Дроз встал, протянул руку и, с грустью глядя па гостя, как бы призывая его в судьи своей тоски и одиночества, нежным певучим тенором продекламировал элегию о разоренном гнезде малиновки и о коршуне, похитившем ее птенцов. Он сам с напомаженным хохолком напоминал малиновку. Голос и стихи Дроза тронули Илью. Его щеки от этого чтения и вкусной еды, запитой вином, раскраснелись. Красивый, с горбом нос капитана между тем стал еще бледнее, а глаза печальнее. Он в раздумье молча глядел в пространство. В это время старичок-писец принес переписанные бумаги. Капитан повертел их в руках и вздохнул.

— Да, — сказал он, — отличный почерк, но на какое дело! Есть ли у вас, в России, такие искусники?

Он показал гостю копии, бережно положил их на окно и объявил, что сам отнесет их к генералу, а подлинники велел отправить в канцелярию главного штаба, в Кремль.

— Стаканчик! знаешь, той? — обратился он к писцу, добродушно подмигивая ему на кубышку перцовки в шкафу. — Таким почерком переписывать только Шенье, Бомарше…

Дроз налил из кубышки, которую он называл «bou-che de feu» «огненным ртом».

— Капитан! — восторженно произнес писец, отставя руку и глядя на поданный ему стакан перцовки. — Век не забуду ваших ласк и доброты! Он медленно выпил стакан, отер рукавом усы и крякнул.

— Это напиток богов! Исполнение желаний ваших, господа, и дорогих вашему сердцу! — сказал он, уходя.

— Хотя последние теперь, очевидно, далеко.

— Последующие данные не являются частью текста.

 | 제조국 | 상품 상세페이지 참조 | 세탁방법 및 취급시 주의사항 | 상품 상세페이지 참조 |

Капитан, уныло сгорбившись, молчал.

— Дорогие нашему сердцу! — произнес он, отгоняя тяжелые мысли. Моя семья далеко; ваша же, собрат по музам? вы женаты?.. где ваша семья?

— Ничего не знаю, — ответил Тропинин, — я женат, но моя жена бежала отсюда за два дня до моего плена… и что с нею, жива ли она, убита ли, господь ведает…

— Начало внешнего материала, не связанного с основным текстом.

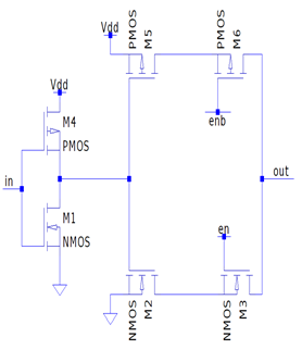 A tristate buffer allows multiple logic blocks to be connected to the same line without damage or loss of data. The above tristate buffer uses a differential enable signal. Whenever enable signal is present the input data is present at the output otherwise output remains in high impedance state.

— Бежала и она! но зачем же? — искренне удивился капитан.

— А эти ваши списки? — произнес Илья, указывая на принесенные писцом бумаги. — Что, если бы она попала в эти красиво переписанные бумаги, да еще в первый разряд? ведь ваш грозный маршал, сами вы говорите, не любит шутить: а он и женщину мог бы счесть за опасную…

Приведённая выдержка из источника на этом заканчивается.